[WHAT IS EXPECTED]:
Please output the listing below character for character and omit the images.

[COLLECTED DATA]:
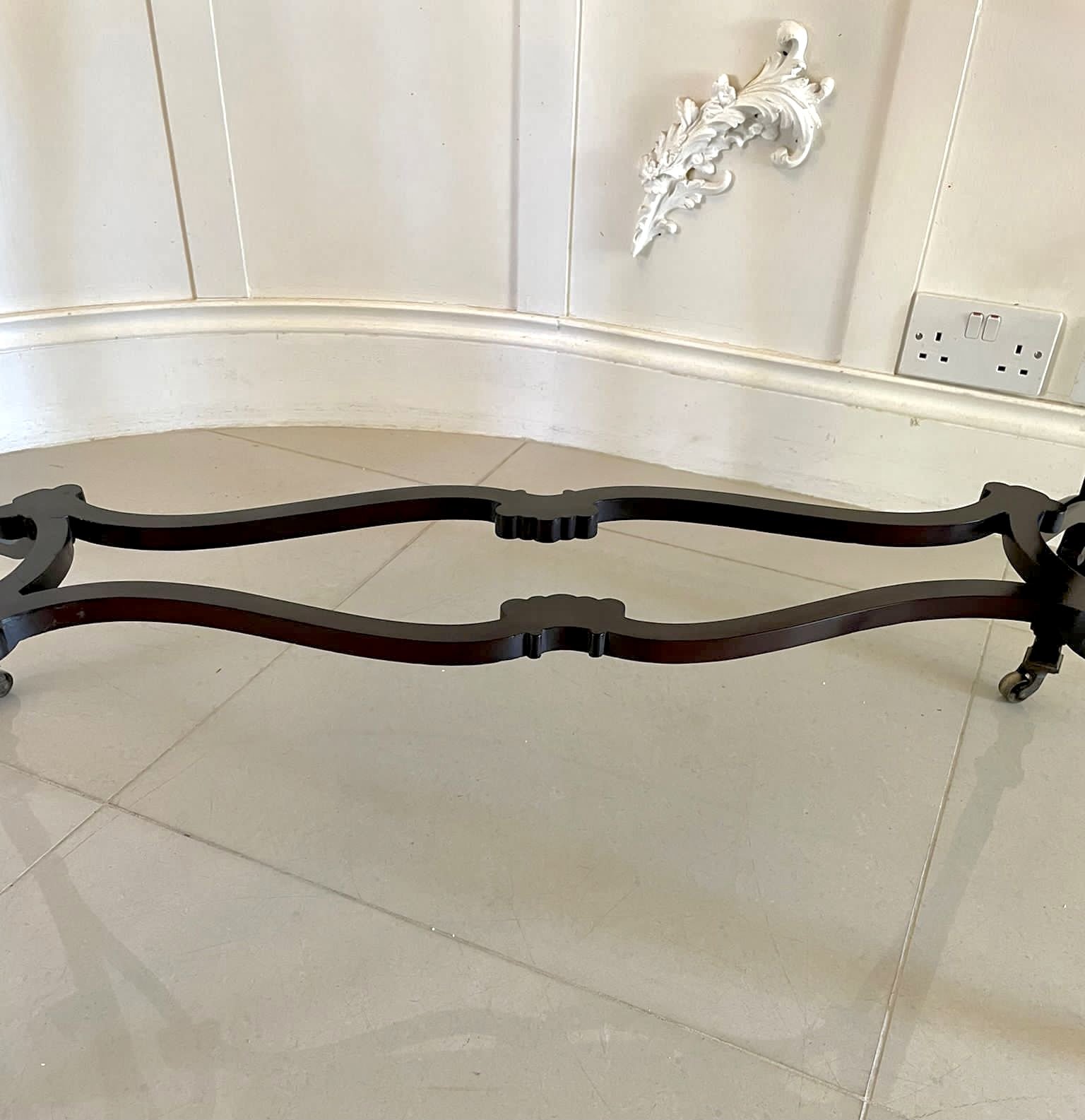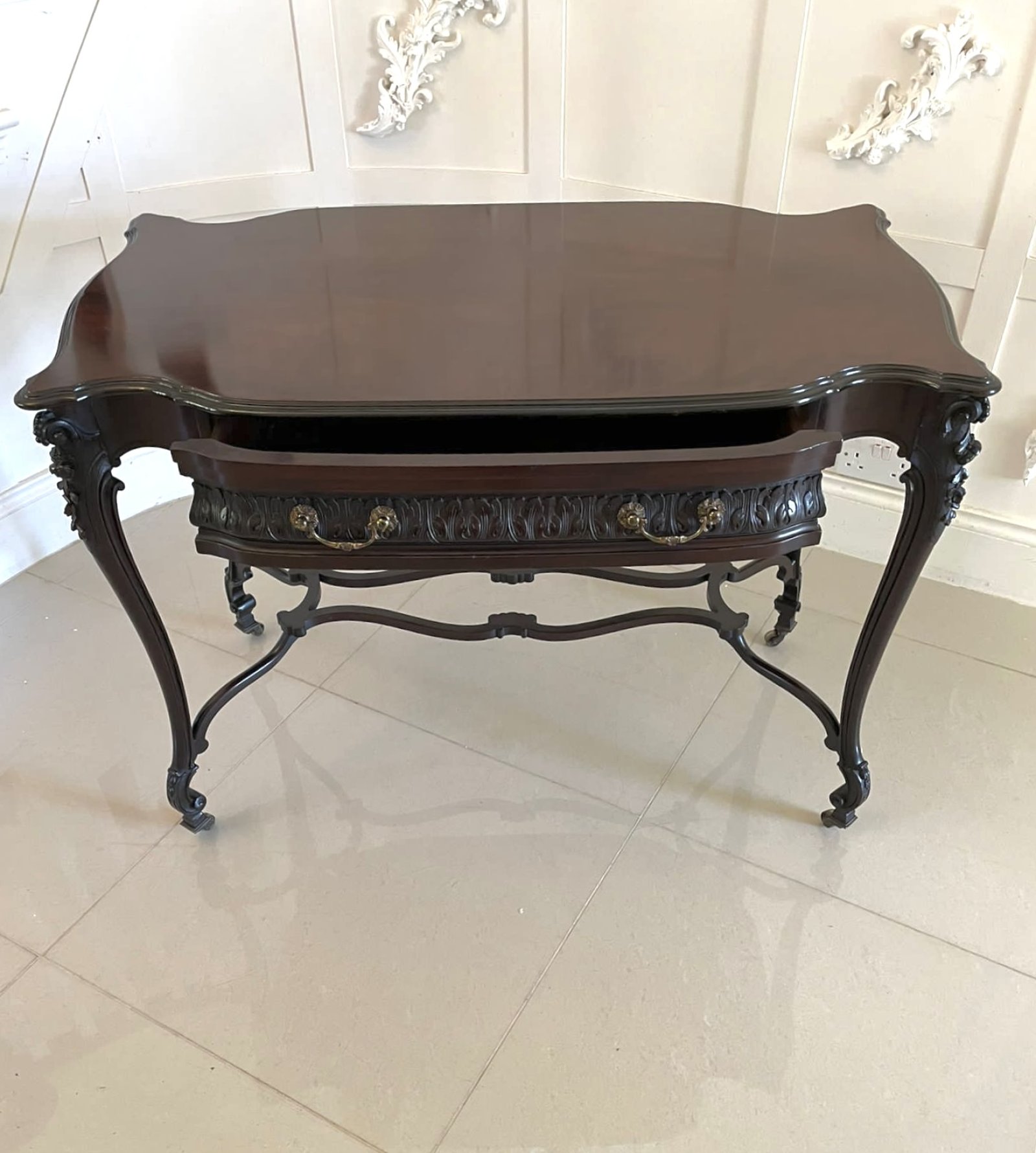 Outstanding quality antique Victorian carved mahogany freestanding centre table having a quality shaped mahogany top with a moulded edge above one long drawer with fantastic quality carving and original brass handles, freestanding carved back and sides standing on four quality beautifully carved mahogany shaped cabriole legs with carved scroll feet and original brass casters united by attractive fine carved mahogany shaped stretchers.
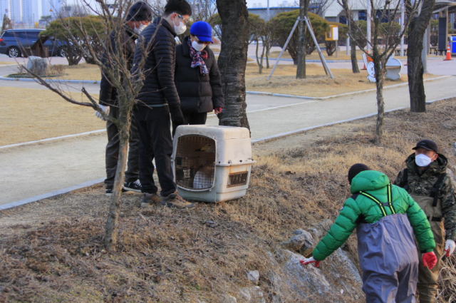지난달 20일 늦은 오후, 박희천 박사(조류학자, 생태환경연구소 소장)를 비롯해 대구야생동물구조센터 직원들은 그동안 생태환경연구소에서 구조해 보호해온 '샛오르미'를 지산 샛강에 방사했다. 홀로 남았을 때만 해도 유조였던 '샛오르미'는 회색빛에서 흰색빛으로 바뀌었을 만큼 성조로 변한 모습이다.
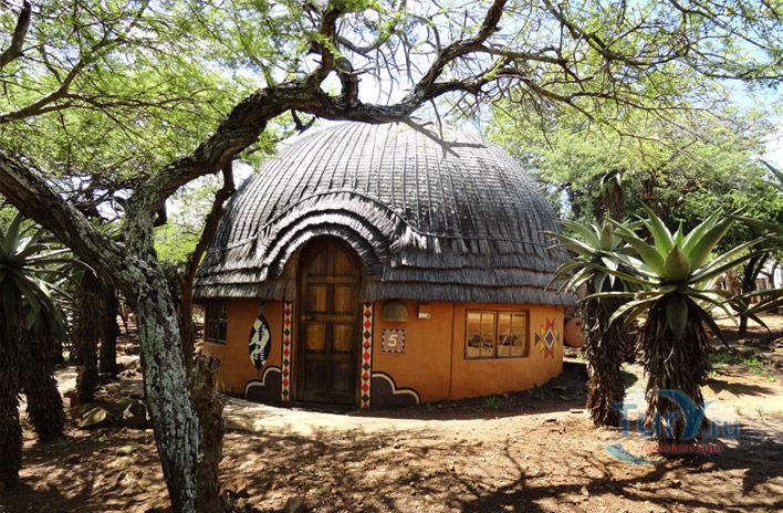 «Чакалэнд» - действующий музей под открытым небом, воссоздавший облик традиционной зулусской деревни. Деревня носит название «Чакалэнд», в честь предводителя племени «зулу» короля Чаки, наводившего ужас на все племена юга Африки. Чака был незаконнорожденным сыном вождя племени зулу. Он не только вернул себе власть, но и сделал зулусов самыми могущественным племенем в этих местах. Чака создал могущественное войско, оснастив его на то время самым современным вооружением, ввел новые порядки и традиции, организовав колоссальную экспансию на огромной территории. Принцип борьбы был таков: «Врагу надо наносить такие удары, от которых он уже не сможет оправиться. Либо он перестанет существовать как самостоятельное племя, либо снова попытается схватить нас за горло». В результате беспощадной тирании было уничтожено множество непокорных племен. Король поддерживал жесткую и даже жестокую дисциплину. Например, после смерти своей матери, вождь запретил всему своему населению пить молоко, засеивать поля и исполнять танцы на два года. Зулусы чуть не вымерли от голода и изнурения. Не удивительно, что жизнь вождя закончилась трагично. Его задушил собственный брат с двумя приближенными полководцами. История деревни, считающейся резиденцией короля зулусов, начинается в 1984 году, когда для съемок сериала «Вождь Чака» (1986 год) было специально построено несколько традиционных зулусских краалей. Телесериал, пользовавшийся большой популярностью, приобрели многие зарубежные компании, а исполнитель главной роли Генри Сел (Henry Cele), стал телевизионной звездой. В финальной сцене фильма были беспощадно сожжены все деревни зулусов, кроме одной, в которой жил отец Чака. После съемок фильма, деревня «Чакалэнд» превратилась в место сохранения традиций народа «зулу». Это поселение, в настоящее время превращенное в отель, совмещенный с этнографическим комплексом, знакомит с обрядами и традициями народа зулу. В принципе, в окрестных деревнях зулусы живут примерно так же, как и двести лет назад, но, понятно, что цивилизация пришла и сюда. Программа посещения комплекса начинается с просмотра документального фильма про деспотичного вождя, после чего туристов приглашают в деревню. Здесь можно заглянуть в задымленное жилище шамана-целителя – сангому, который погадает на костях и проведет ритуал очищения от злых духов. После, англоговорящий, одетый в шкуры, зулус-гид расскажет о великой зулусской армии и о быте и традициях племени зулу. Например, бело-красный флаг над хижиной означает, что в ней живет влюбленный человек: белый цвет – символ чистоты, красный – то, что за любовь нужно сражаться. Во время ознакомительной прогулки гости деревни смогут понаблюдать за различными традиционными работами — сооружением хижины, изготовлением копий, приготовлением пива, художественной отделкой бисером и гончарным промыслом. Воины племени продемонстрируют свои навыки боевого искусства «ассегаай». В гостях у вождя племени туристов угостят старинным африканским блюдом из мяса (на большую порцию рассчитывать не стоит), а также местным тростниковым самогоном – пиватсвалом. Ну а вечером, за ужином, накрытом в соломенной хижине, декорированной в традиционном африканском стиле, и отведав экзотических блюд с дегустацией местного пива, гости могут посмотреть шоу перед

[ANSWER AREA]:
 Outstanding quality antique Victorian carved mahogany freestanding centre table having a quality shaped mahogany top with a moulded edge above one long drawer with fantastic quality carving and original brass handles, freestanding carved back and sides standing on four quality beautifully carved mahogany shaped cabriole legs with carved scroll feet and original brass casters united by attractive fine carved mahogany shaped stretchers.
지난달 20일 늦은 오후, 박희천 박사(조류학자, 생태환경연구소 소장)를 비롯해 대구야생동물구조센터 직원들은 그동안 생태환경연구소에서 구조해 보호해온 '샛오르미'를 지산 샛강에 방사했다. 홀로 남았을 때만 해도 유조였던 '샛오르미'는 회색빛에서 흰색빛으로 바뀌었을 만큼 성조로 변한 모습이다.
 «Чакалэнд» - действующий музей под открытым небом, воссоздавший облик традиционной зулусской деревни. Деревня носит название «Чакалэнд», в честь предводителя племени «зулу» короля Чаки, наводившего ужас на все племена юга Африки. Чака был незаконнорожденным сыном вождя племени зулу. Он не только вернул себе власть, но и сделал зулусов самыми могущественным племенем в этих местах. Чака создал могущественное войско, оснастив его на то время самым современным вооружением, ввел новые порядки и традиции, организовав колоссальную экспансию на огромной территории. Принцип борьбы был таков: «Врагу надо наносить такие удары, от которых он уже не сможет оправиться. Либо он перестанет существовать как самостоятельное племя, либо снова попытается схватить нас за горло». В результате беспощадной тирании было уничтожено множество непокорных племен. Король поддерживал жесткую и даже жестокую дисциплину. Например, после смерти своей матери, вождь запретил всему своему населению пить молоко, засеивать поля и исполнять танцы на два года. Зулусы чуть не вымерли от голода и изнурения. Не удивительно, что жизнь вождя закончилась трагично. Его задушил собственный брат с двумя приближенными полководцами. История деревни, считающейся резиденцией короля зулусов, начинается в 1984 году, когда для съемок сериала «Вождь Чака» (1986 год) было специально построено несколько традиционных зулусских краалей. Телесериал, пользовавшийся большой популярностью, приобрели многие зарубежные компании, а исполнитель главной роли Генри Сел (Henry Cele), стал телевизионной звездой. В финальной сцене фильма были беспощадно сожжены все деревни зулусов, кроме одной, в которой жил отец Чака. После съемок фильма, деревня «Чакалэнд» превратилась в место сохранения традиций народа «зулу». Это поселение, в настоящее время превращенное в отель, совмещенный с этнографическим комплексом, знакомит с обрядами и традициями народа зулу. В принципе, в окрестных деревнях зулусы живут примерно так же, как и двести лет назад, но, понятно, что цивилизация пришла и сюда. Программа посещения комплекса начинается с просмотра документального фильма про деспотичного вождя, после чего туристов приглашают в деревню. Здесь можно заглянуть в задымленное жилище шамана-целителя – сангому, который погадает на костях и проведет ритуал очищения от злых духов. После, англоговорящий, одетый в шкуры, зулус-гид расскажет о великой зулусской армии и о быте и традициях племени зулу. Например, бело-красный флаг над хижиной означает, что в ней живет влюбленный человек: белый цвет – символ чистоты, красный – то, что за любовь нужно сражаться. Во время ознакомительной прогулки гости деревни смогут понаблюдать за различными традиционными работами — сооружением хижины, изготовлением копий, приготовлением пива, художественной отделкой бисером и гончарным промыслом. Воины племени продемонстрируют свои навыки боевого искусства «ассегаай». В гостях у вождя племени туристов угостят старинным африканским блюдом из мяса (на большую порцию рассчитывать не стоит), а также местным тростниковым самогоном – пиватсвалом. Ну а вечером, за ужином, накрытом в соломенной хижине, декорированной в традиционном африканском стиле, и отведав экзотических блюд с дегустацией местного пива, гости могут посмотреть шоу перед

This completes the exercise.